飽受顛簸與屈辱的大周使節團,終於抵達了上京的衛城。
這裡距離上京,不過幾十里路程。
看著眼前高大巍峨的城牆,和城門口那些雖依舊倨傲,但總算穿著官服的北狄官員。
姜承軒緊繃了兩天的心,終於鬆懈了下來。
這兩日,當真是豬狗不如。
回想起那個北狄校尉和手下士兵的嘴臉,他現在還恨得牙癢癢。
秀才遇到兵,有理說不清。
他一個大周的使節,面對那些只認刀子的丘八,真是受盡了磋磨。
他回頭看了一眼身後的馬車。
兩個兒子,早已沒了出關時的意氣風發。
此刻兩人面黃肌瘦眼窩深陷,像是兩根被霜打了的茄子。
而他的蓉兒……
姜承嘆了口氣,心疼不已。
自從那日受辱之後,姜悅蓉就像是變了個人。
不哭不鬧也不說話,整日整日地將自己縮在馬車最深的角落裡。
除了必要,她甚至一步都不肯下車。
對她而言,這逼仄搖晃的馬車也總好過那些骯髒惡臭的茅草房。
“來者可是大周使節團?”
城門口,一名身著緋色官袍的北狄官員高聲問道。
姜承軒連忙整理了一下被風吹得凌亂的衣冠,從袖中取出大周的國書,雙手奉上。
“下官姜承軒,奉我朝陛下之命,出使貴國。”
那官員接過國書草草看了一眼,態度總算客氣了幾分。
“姜大人一路辛苦。”
官面上的一句客套話,卻讓姜承軒差點落下淚來。
他立刻開口,第一件事便是要控告。
“這位大人,下官有一事相告!貴國有一校尉,沿途對我使節團百般刁難,極盡羞辱之能事,還望大人……”
“哦?”
那禮部官員挑了挑眉,打斷了他的話。
“你放心,此事本官記下了定會嚴查!”
“至於眼下,各位遠來是客,本官已在城中備下薄宴,為各位接風洗塵,還請姜大人賞光。”

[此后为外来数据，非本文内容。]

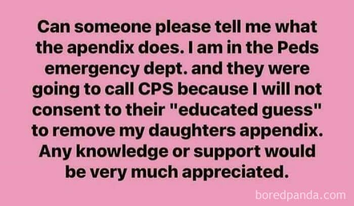 #7 I Don’t Know What An Appendix Does But I Do Know The Doctors That Are Trying To Save My Child Are Just Quacks
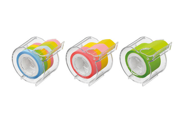 今回のリニューアルは、フィルム素材をポリ乳酸プラスチックからPET素材に変更した点が大きなポイント。素材を変更することによって、切りやすさが従来品に比べて格段に向上した。透過性があり貼った下地を隠さずメモできる特徴や、25mm・15mm・7mmの3種類のテープ幅、カラーバリエーションもそのままに、使い勝手を良くした。

聽到“嚴查”二字,姜承軒就知道這事多半是不了了之了。
可聽到後半句的“設宴接風”,他心中的鬱氣又消散了大半。
他回到車隊,將這個訊息告訴了兒女們。
“什麼?有宴席?”
姜思遠和姜慮威的眼睛瞬間就亮了。
下一刻,二人激動地抱在一起嚎啕大哭,手舞足蹈像兩個傻子。
馬車裡,一直沉默不語的姜悅蓉,那雙空洞的眸子也終於有了一絲神采。
宴會?
會有熱騰騰的飯菜,會有乾淨的桌椅,會有穿著體面的北狄貴人嗎?
一想到這裡,她那顆死寂的心彷彿又重新活了過來。
她立刻來了精神,在馬車裡翻箱倒櫃。
她要找出自己壓在箱底的華麗衣裳,戴上最璀璨的首飾。
她要在宴會之上,一展風采!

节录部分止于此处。